→ **Stored data**:
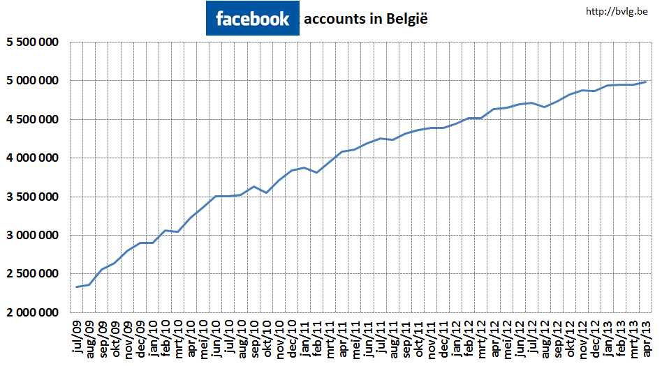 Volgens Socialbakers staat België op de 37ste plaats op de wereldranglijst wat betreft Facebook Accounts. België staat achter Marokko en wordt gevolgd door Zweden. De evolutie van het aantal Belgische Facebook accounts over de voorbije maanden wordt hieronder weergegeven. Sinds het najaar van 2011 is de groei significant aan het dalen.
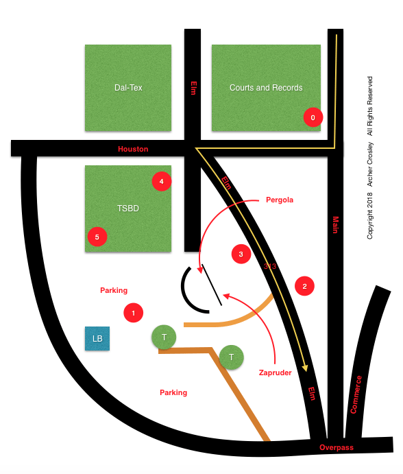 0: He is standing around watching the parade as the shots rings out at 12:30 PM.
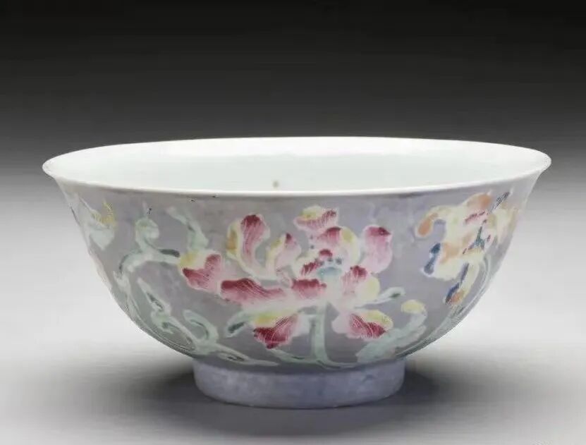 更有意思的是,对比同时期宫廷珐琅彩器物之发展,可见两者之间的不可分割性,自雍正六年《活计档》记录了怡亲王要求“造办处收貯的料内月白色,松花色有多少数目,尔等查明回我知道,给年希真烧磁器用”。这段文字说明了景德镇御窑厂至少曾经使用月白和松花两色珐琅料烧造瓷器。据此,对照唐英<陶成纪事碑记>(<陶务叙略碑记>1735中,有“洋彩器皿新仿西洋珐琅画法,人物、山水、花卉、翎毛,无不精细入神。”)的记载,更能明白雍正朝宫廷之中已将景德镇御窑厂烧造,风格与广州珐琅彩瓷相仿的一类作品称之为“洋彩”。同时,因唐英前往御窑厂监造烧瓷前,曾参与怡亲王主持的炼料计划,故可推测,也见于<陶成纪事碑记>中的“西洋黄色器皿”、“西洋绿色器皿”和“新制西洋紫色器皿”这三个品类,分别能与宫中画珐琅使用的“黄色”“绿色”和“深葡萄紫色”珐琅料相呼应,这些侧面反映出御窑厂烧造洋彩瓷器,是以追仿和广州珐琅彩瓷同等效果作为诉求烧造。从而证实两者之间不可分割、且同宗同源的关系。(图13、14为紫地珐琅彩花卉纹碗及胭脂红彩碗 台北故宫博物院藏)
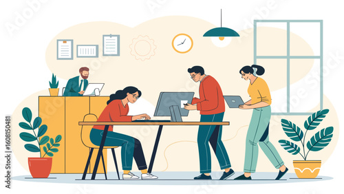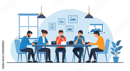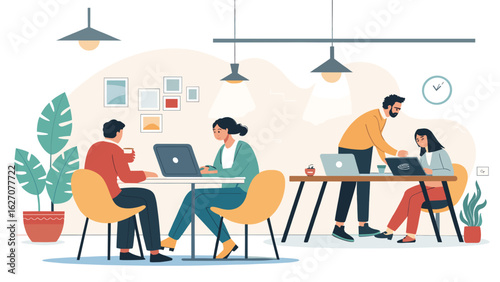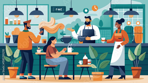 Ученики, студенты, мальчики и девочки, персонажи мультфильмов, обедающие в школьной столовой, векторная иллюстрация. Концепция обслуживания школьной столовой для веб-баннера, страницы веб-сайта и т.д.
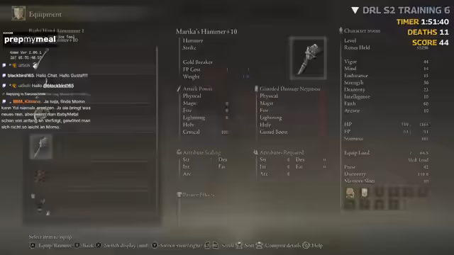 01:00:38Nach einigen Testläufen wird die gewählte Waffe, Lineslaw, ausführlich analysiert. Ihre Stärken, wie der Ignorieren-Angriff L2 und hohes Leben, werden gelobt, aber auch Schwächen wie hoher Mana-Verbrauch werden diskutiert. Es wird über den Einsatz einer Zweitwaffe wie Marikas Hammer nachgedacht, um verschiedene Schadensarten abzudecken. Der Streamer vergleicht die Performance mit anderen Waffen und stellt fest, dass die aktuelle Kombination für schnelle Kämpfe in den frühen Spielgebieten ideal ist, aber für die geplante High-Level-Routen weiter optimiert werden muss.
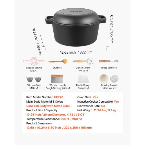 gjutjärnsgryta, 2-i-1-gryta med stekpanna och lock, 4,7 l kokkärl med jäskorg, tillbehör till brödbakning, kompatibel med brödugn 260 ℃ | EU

→ **Assigned task**:
Starting with the opening line of the listing, write out each line exactly until the line that contains "Ученики, студенты, мальчики" has been included; skip the pictures.

→ **Exercise response**:
 Volgens Socialbakers staat België op de 37ste plaats op de wereldranglijst wat betreft Facebook Accounts. België staat achter Marokko en wordt gevolgd door Zweden. De evolutie van het aantal Belgische Facebook accounts over de voorbije maanden wordt hieronder weergegeven. Sinds het najaar van 2011 is de groei significant aan het dalen.
 0: He is standing around watching the parade as the shots rings out at 12:30 PM.
 更有意思的是,对比同时期宫廷珐琅彩器物之发展,可见两者之间的不可分割性,自雍正六年《活计档》记录了怡亲王要求“造办处收貯的料内月白色,松花色有多少数目,尔等查明回我知道,给年希真烧磁器用”。这段文字说明了景德镇御窑厂至少曾经使用月白和松花两色珐琅料烧造瓷器。据此,对照唐英<陶成纪事碑记>(<陶务叙略碑记>1735中,有“洋彩器皿新仿西洋珐琅画法,人物、山水、花卉、翎毛,无不精细入神。”)的记载,更能明白雍正朝宫廷之中已将景德镇御窑厂烧造,风格与广州珐琅彩瓷相仿的一类作品称之为“洋彩”。同时,因唐英前往御窑厂监造烧瓷前,曾参与怡亲王主持的炼料计划,故可推测,也见于<陶成纪事碑记>中的“西洋黄色器皿”、“西洋绿色器皿”和“新制西洋紫色器皿”这三个品类,分别能与宫中画珐琅使用的“黄色”“绿色”和“深葡萄紫色”珐琅料相呼应,这些侧面反映出御窑厂烧造洋彩瓷器,是以追仿和广州珐琅彩瓷同等效果作为诉求烧造。从而证实两者之间不可分割、且同宗同源的关系。(图13、14为紫地珐琅彩花卉纹碗及胭脂红彩碗 台北故宫博物院藏)
 Ученики, студенты, мальчики и девочки, персонажи мультфильмов, обедающие в школьной столовой, векторная иллюстрация. Концепция обслуживания школьной столовой для веб-баннера, страницы веб-сайта и т.д.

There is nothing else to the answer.